Instructions for the task - Could the records below be restated word for word, without a single picture?

#### Dataset excerpts ####

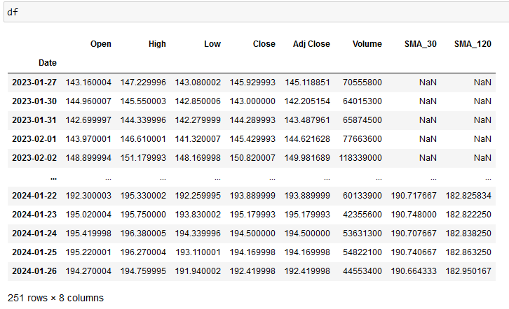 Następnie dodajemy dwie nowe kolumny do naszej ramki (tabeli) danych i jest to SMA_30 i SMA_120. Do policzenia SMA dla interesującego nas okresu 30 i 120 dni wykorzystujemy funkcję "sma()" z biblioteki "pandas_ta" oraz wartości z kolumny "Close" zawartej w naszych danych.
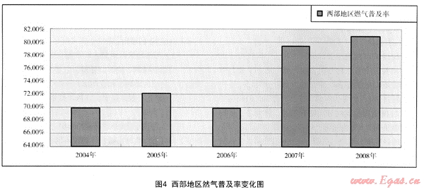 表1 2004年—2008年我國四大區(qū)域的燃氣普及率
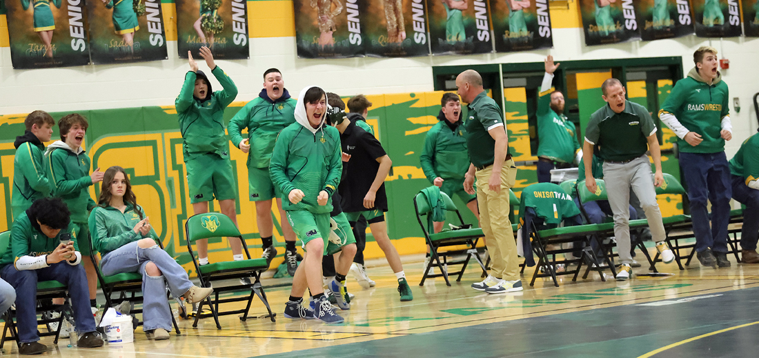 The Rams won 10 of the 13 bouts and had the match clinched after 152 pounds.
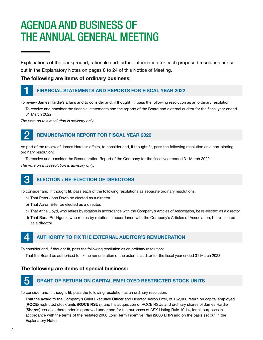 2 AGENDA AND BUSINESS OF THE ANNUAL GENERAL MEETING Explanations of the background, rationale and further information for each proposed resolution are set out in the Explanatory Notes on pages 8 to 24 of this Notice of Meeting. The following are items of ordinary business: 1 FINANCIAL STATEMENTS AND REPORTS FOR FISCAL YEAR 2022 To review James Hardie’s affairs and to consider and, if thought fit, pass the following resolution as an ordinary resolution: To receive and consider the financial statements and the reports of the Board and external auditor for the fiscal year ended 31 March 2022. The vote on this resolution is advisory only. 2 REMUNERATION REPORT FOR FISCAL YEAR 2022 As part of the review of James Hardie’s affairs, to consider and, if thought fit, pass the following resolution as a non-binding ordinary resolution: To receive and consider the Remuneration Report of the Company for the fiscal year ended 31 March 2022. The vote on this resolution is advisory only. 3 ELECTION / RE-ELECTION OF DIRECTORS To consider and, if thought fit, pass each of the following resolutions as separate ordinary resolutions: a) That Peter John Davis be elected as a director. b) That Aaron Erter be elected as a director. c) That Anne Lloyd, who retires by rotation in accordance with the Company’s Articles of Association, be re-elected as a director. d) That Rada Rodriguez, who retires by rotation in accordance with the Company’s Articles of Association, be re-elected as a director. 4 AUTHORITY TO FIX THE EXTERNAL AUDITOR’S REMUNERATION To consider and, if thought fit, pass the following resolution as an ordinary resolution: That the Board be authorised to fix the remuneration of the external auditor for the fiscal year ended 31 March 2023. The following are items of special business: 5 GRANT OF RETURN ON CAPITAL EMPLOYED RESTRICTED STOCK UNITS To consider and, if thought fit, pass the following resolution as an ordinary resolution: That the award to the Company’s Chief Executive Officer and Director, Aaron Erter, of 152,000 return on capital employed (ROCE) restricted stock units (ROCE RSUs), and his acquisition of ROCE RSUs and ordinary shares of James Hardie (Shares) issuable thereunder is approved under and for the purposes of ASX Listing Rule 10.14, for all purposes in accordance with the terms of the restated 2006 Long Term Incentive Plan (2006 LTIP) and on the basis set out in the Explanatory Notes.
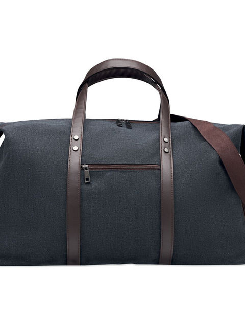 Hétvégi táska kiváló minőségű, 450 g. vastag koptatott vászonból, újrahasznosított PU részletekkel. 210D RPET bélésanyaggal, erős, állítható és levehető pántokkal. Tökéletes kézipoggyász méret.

####

Solution for this task -
 Następnie dodajemy dwie nowe kolumny do naszej ramki (tabeli) danych i jest to SMA_30 i SMA_120. Do policzenia SMA dla interesującego nas okresu 30 i 120 dni wykorzystujemy funkcję "sma()" z biblioteki "pandas_ta" oraz wartości z kolumny "Close" zawartej w naszych danych.
 表1 2004年—2008年我國四大區(qū)域的燃氣普及率
 The Rams won 10 of the 13 bouts and had the match clinched after 152 pounds.
 2 AGENDA AND BUSINESS OF THE ANNUAL GENERAL MEETING Explanations of the background, rationale and further information for each proposed resolution are set out in the Explanatory Notes on pages 8 to 24 of this Notice of Meeting. The following are items of ordinary business: 1 FINANCIAL STATEMENTS AND REPORTS FOR FISCAL YEAR 2022 To review James Hardie’s affairs and to consider and, if thought fit, pass the following resolution as an ordinary resolution: To receive and consider the financial statements and the reports of the Board and external auditor for the fiscal year ended 31 March 2022. The vote on this resolution is advisory only. 2 REMUNERATION REPORT FOR FISCAL YEAR 2022 As part of the review of James Hardie’s affairs, to consider and, if thought fit, pass the following resolution as a non-binding ordinary resolution: To receive and consider the Remuneration Report of the Company for the fiscal year ended 31 March 2022. The vote on this resolution is advisory only. 3 ELECTION / RE-ELECTION OF DIRECTORS To consider and, if thought fit, pass each of the following resolutions as separate ordinary resolutions: a) That Peter John Davis be elected as a director. b) That Aaron Erter be elected as a director. c) That Anne Lloyd, who retires by rotation in accordance with the Company’s Articles of Association, be re-elected as a director. d) That Rada Rodriguez, who retires by rotation in accordance with the Company’s Articles of Association, be re-elected as a director. 4 AUTHORITY TO FIX THE EXTERNAL AUDITOR’S REMUNERATION To consider and, if thought fit, pass the following resolution as an ordinary resolution: That the Board be authorised to fix the remuneration of the external auditor for the fiscal year ended 31 March 2023. The following are items of special business: 5 GRANT OF RETURN ON CAPITAL EMPLOYED RESTRICTED STOCK UNITS To consider and, if thought fit, pass the following resolution as an ordinary resolution: That the award to the Company’s Chief Executive Officer and Director, Aaron Erter, of 152,000 return on capital employed (ROCE) restricted stock units (ROCE RSUs), and his acquisition of ROCE RSUs and ordinary shares of James Hardie (Shares) issuable thereunder is approved under and for the purposes of ASX Listing Rule 10.14, for all purposes in accordance with the terms of the restated 2006 Long Term Incentive Plan (2006 LTIP) and on the basis set out in the Explanatory Notes.
 Hétvégi táska kiváló minőségű, 450 g. vastag koptatott vászonból, újrahasznosított PU részletekkel. 210D RPET bélésanyaggal, erős, állítható és levehető pántokkal. Tökéletes kézipoggyász méret.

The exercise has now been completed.